Reports: ND251690-ND2: Re-Examination of Environmental Controls on Bacterial Branched Tetraether Lipids using North American Soils
Yongsong Huang, Brown University
AAT = 7.853 + 6.925 × f(I)
(R2 = 0.132; RMSE = 4.45℃; p < 0.001; n = 238) (1)
pH = 8.466 - 4.182 × f(I) – 1.797 × f(II)
(R2 = 0.562; RMSE = 0.82 pH unit; p < 0.001; n = 230) (2)
AAP = 1.05 + 2.862 × f(I) + 3.6 × f(Ib) – 13.799 × f(IIIb) + 14.08 × f(Ic) – 0.875 × f(II)
(R2 = 0.74; RMSE = 0.53 mm/day; p < 0.001; n = 238) (3)
The strong relationship between FAB and precipitation is surprising, since published data so far have mostly emphasized temperature and pH relationship (Weijers et al., 2007; Peterse et al., 2012).
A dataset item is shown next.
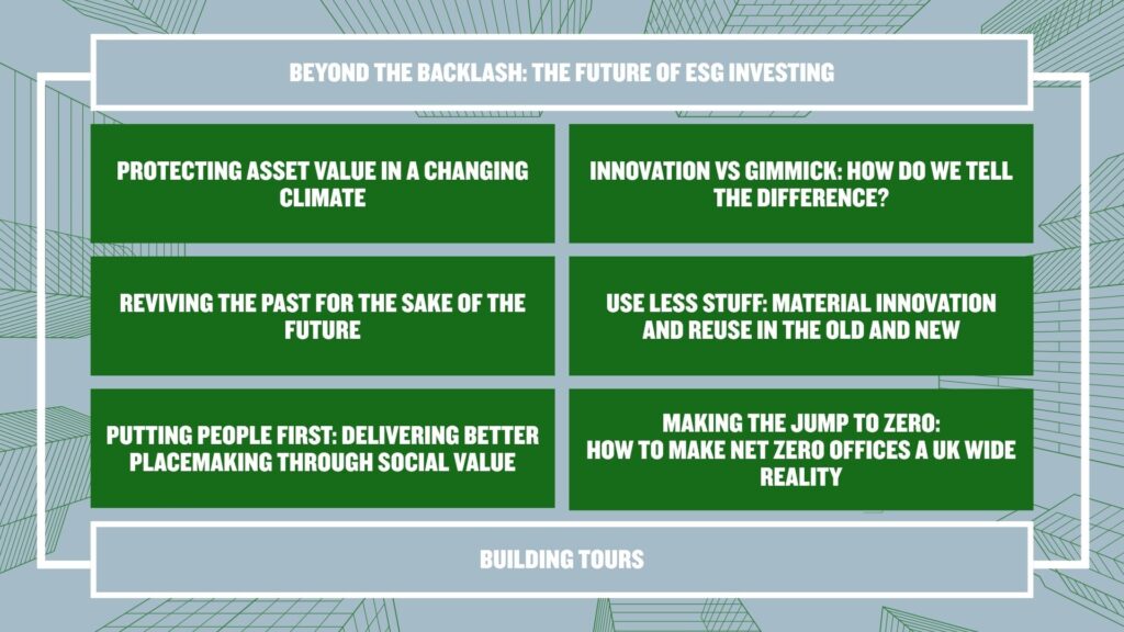 The Summit will open with a keynote address and panel discussion exploring the future of ESG investing. Delegates will then attend three of six concurrent panel sessions, followed by curated building tours.
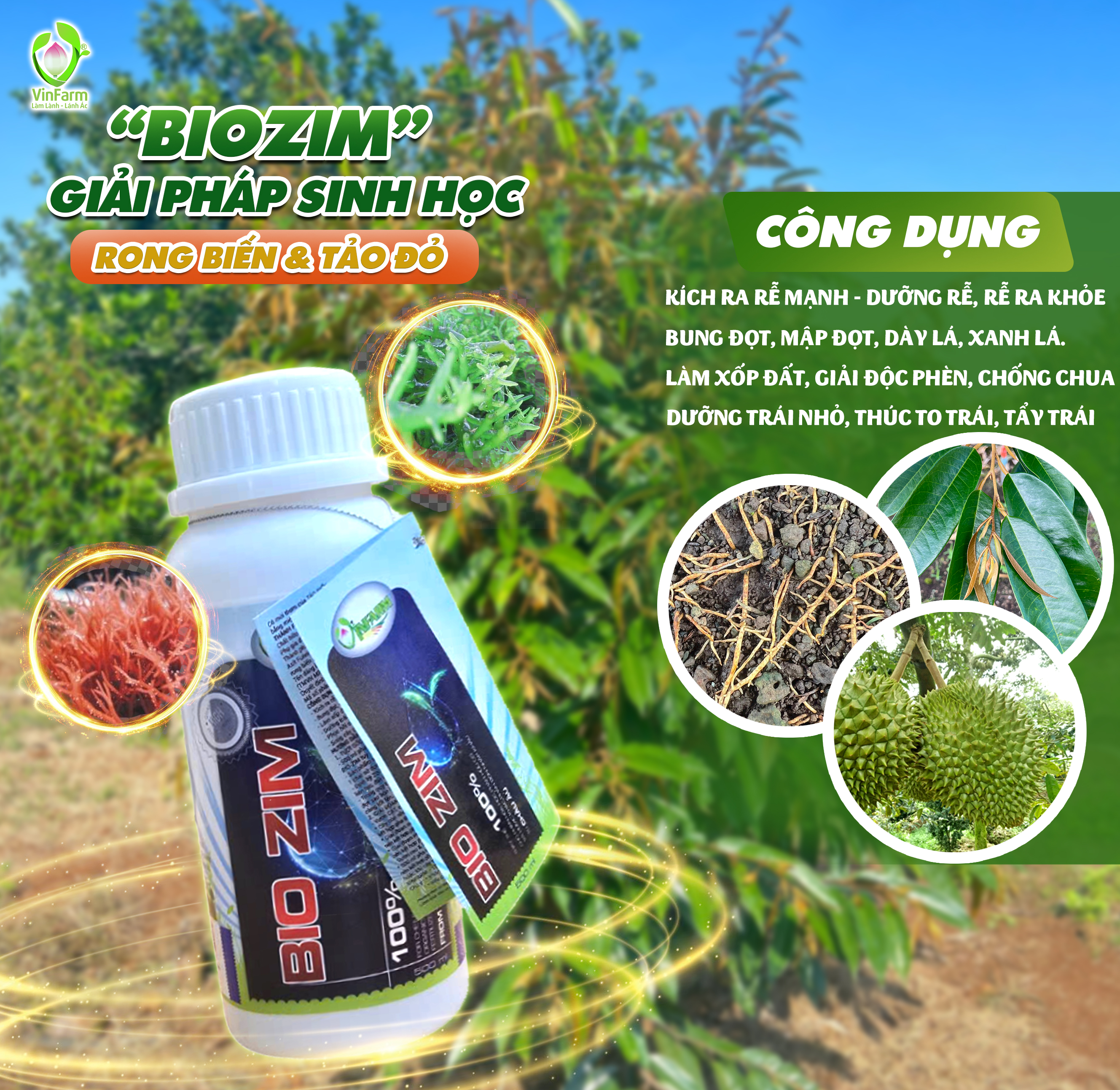 Sau khi xử lý nấm bệnh và tạo độ thoáng khí, bước tiếp theo là kích thích và nuôi dưỡng bộ rễ mới. Bio-Zim (hoặc các chế phẩm giàu Amino Acid, Humic Acid) là giải pháp tối ưu nhờ khả

We note, however, if we divide samples according to precipitation, distinctive differences between different regions are revealed. Importantly, annual average precipitation (AAP) played a major role, in most cases stronger than annual average temperature (AAT), in controlling the b-GDGT distributions. The strongest correlation between AAP and b-GDGT is found in mid-latitude grassland (R2 = 0.78), or when soil pH values are greater than 8 (R2 = 0.88). Temperature effect is only apparent in regions of high AAP (e.g., >1200 mm) and mixed forest. The effect of pH is strong in almost all regions. Our results suggest that temperature reconstructions involve a more complex set of controls than previously realized, including possibly vegetation effects and almost certainly AAP effects on the development of branched GDGT-producing bacteria.
Some examples of strong relationship between environmental variables and FAB is listed as follows:
AAP > 1200 mm/yr
AAT = 34.69 – 55.327 × f(II) – 14.115 × f(I)
(R2 = 0.75; RMSE = 2.24℃; p < 0.001; n = 35) (4)
Midlatitude grassland
AAP = 4.195 – 4.724 × f(II) – 2.604 × f(III) – 23.425 × f(IIc)
(R2 = 0.78; RMSE = 0.31 mm/day; p < 0.001; n = 43) (5)
pH > 8
AAP = 0.93 + 9.452 × f(Ib) – 2.149 × f(I)
(R2 = 0.88; RMSE = 0.16 mm/day; p < 0.001; n = 19) (6)
AAT > 15
pH = 8.225 – 3.743 × f(I)
(R2 = 0.789; RMSE = 0.583 pH unit; p < 0.001; n = 35) (7)
AAP = 3.694 – 3.442 × f(II) – 4.192 × f(III)
(R2 = 0.766; RMSE = 0.557 mm/day; p < 0.001; n = 35) (8)
Our results indicate distributions of branched GDGTs in different environments differ significantly: the predominant controlling factors differ and the strength of the relationship differs as well. We have already completed all the data analysis and are currently working up the manuscript for submission.
References:
Dirghangi S. S., Pagani M., Hren M. T. and Tipple B. J. (2013) Distribution of glycerol dialkyl glycerol tetraethers in soils from two environmental transects in the USA. Organic Geochemistry 59, 49-60.
Peterse F., van der Meer J., Schouten S., Weijers J. W. H., Fierer N., Jackson R. B., Kim J.-H. and Sinninghe Damsté J. S. (2012) Revised calibration of the MBT-CBT paleotemperature proxy based on branched tetraether membrane lipids in surface soils. Geochimica et Cosmochimica Acta 96, 215-229.
Weijers J. W. H., Schouten S., van den Donker J. C., Hopmans E. C. and Sinninghe Damsté J. S. (2007b) Environmental controls on bacterial tetraether membrane lipid distribution in soils. Geochimica et Cosmochimica Acta 71, 703–713.